Re: [RFC PATCH] dma-fence: Fix races of fence callbacks versus destructors by locking
From: Philipp Stanner
Date: Mon Jun 08 2026 - 12:14:34 EST
On Mon, 2026-06-08 at 17:23 +0200, Danilo Krummrich wrote:
> On Mon Jun 8, 2026 at 5:17 PM CEST, Philipp Stanner wrote:
> > On Mon, 2026-06-08 at 17:01 +0200, Boris Brezillon wrote:
> > > On Mon, 8 Jun 2026 16:24:37 +0200
> > > Philipp Stanner <phasta@xxxxxxxxxx> wrote:
> > >
> > > > @@ -1020,11 +1024,20 @@ EXPORT_SYMBOL(dma_fence_wait_any_timeout);
> > > > void dma_fence_set_deadline(struct dma_fence *fence, ktime_t deadline)
> > > > {
> > > > const struct dma_fence_ops *ops;
> > > > + unsigned long flags;
> > > >
> > > > rcu_read_lock();
> > > > ops = rcu_dereference(fence->ops);
> > > > - if (ops && ops->set_deadline && !dma_fence_is_signaled(fence))

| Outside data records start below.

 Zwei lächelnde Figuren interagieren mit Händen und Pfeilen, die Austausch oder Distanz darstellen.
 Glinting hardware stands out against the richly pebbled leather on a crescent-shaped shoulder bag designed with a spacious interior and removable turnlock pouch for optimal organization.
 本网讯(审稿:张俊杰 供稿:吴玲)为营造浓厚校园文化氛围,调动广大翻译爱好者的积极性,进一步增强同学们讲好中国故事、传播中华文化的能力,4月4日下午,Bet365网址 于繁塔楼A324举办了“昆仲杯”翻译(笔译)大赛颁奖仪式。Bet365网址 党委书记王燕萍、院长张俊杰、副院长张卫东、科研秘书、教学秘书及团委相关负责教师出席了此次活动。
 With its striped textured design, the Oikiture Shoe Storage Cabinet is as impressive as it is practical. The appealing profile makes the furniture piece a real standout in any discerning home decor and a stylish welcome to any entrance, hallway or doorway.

> > > > + if (!ops || !ops->set_deadline) {
> > > > + rcu_read_unlock();
> > > > + return;
> > > > + }
> > > > +
> > > > + dma_fence_lock_irqsave(fence, flags);
> > > > + if (!dma_fence_is_signaled_locked(fence))
> > > > ops->set_deadline(fence, deadline);
> > >
> > > You can't take the fence lock around ->set_deadline(), otherwise you'll
> > > deadlock here [1] or here [2].
> > >
> > > > +
> > > > + dma_fence_unlock_irqrestore(fence, flags);
> > > > rcu_read_unlock();
> > > > }
> > >
> > >
> > > [1]https://elixir.bootlin.com/linux/v7.0.11/source/drivers/dma-buf/sw_sync.c#L182
> > > [2]https://elixir.bootlin.com/linux/v7.0.11/source/drivers/gpu/drm/msm/msm_fence.c#L139
Oh, MSM actually doesn't btw, that's a false positive. That's a
distinct spinlock on their fence context object.

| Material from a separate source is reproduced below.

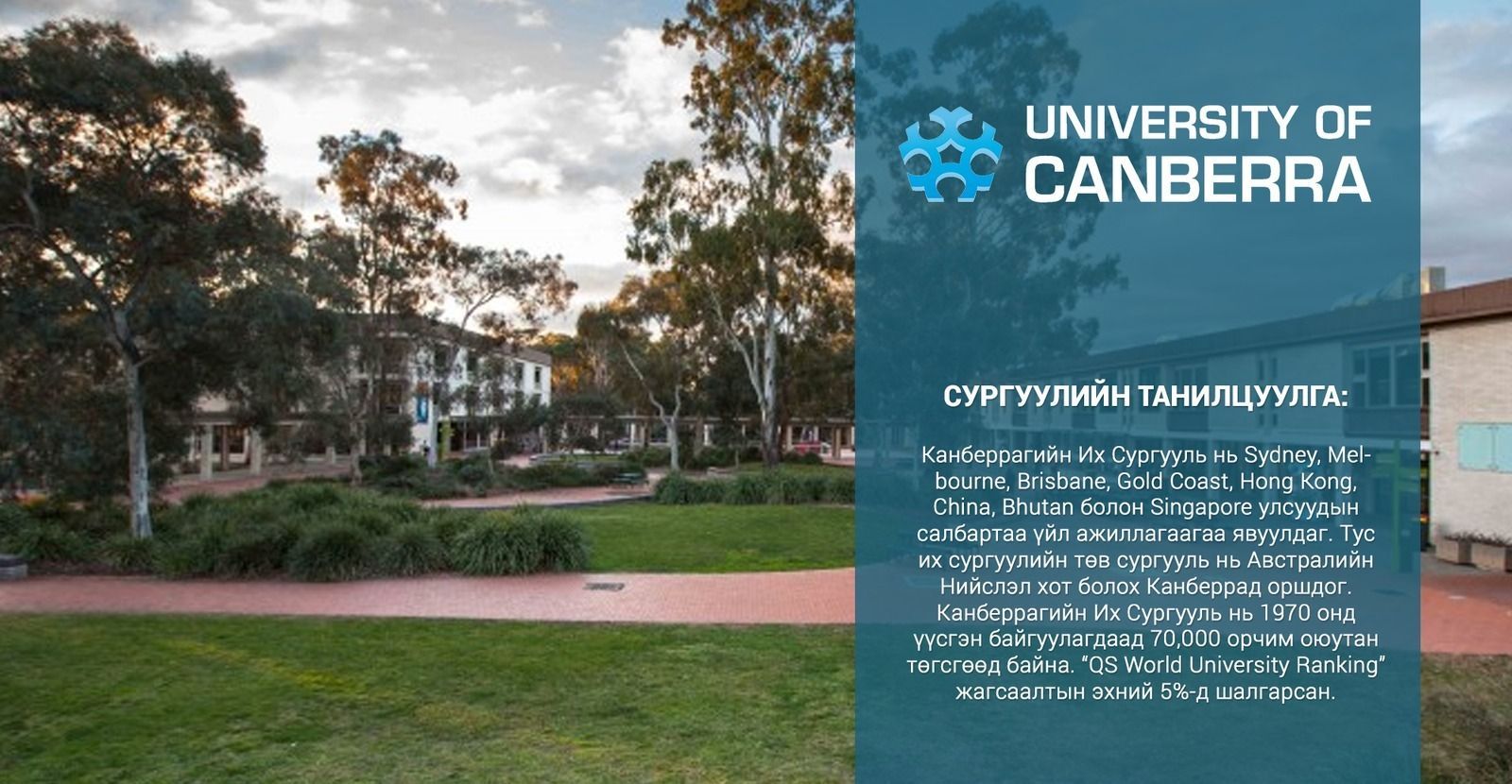 Сургуулийн танилцуулга: Канберрагийн Их Сургууль нь Sydney, Melbourne, Brisbane, Gold Coast, Hong Kong, China, Bhutan болон Singapore улсуудын салбартаа үйл ажиллагаагаа явуулдаг. Тус их сургуулийн төв сургууль нь Австралийн Нийслэл хот болох Канберрад оршдог. Канберрагийн Их Сургууль нь 1970 онд үүсгэн байгуулагдаад 70,000 орчим оюутан төгсгөөд байна. “QS World University Ranking” жагсаалтын эхний 5%-д шалгарсан.

But yes, before we could upstream this, we would go through all the
implementors like Danilo did, to find all the others.
P.
> >
> >
> > If we'd port these (and maybe some we have overlooked) simultaneously,
> > they could completely drop their separate locking.
> >
> > The fact that other parties were forced to take the fence lock in their
> > callbacks (and even 100% of the functions' code) actually proves that
> > this RFC is probably a good idea and callback-calls should be guarded
> > by the fence lock :]
>
> I think I looked into this recently and IIRC it indeed seems like all
> implementors of set_deadline() take the lock within their callback.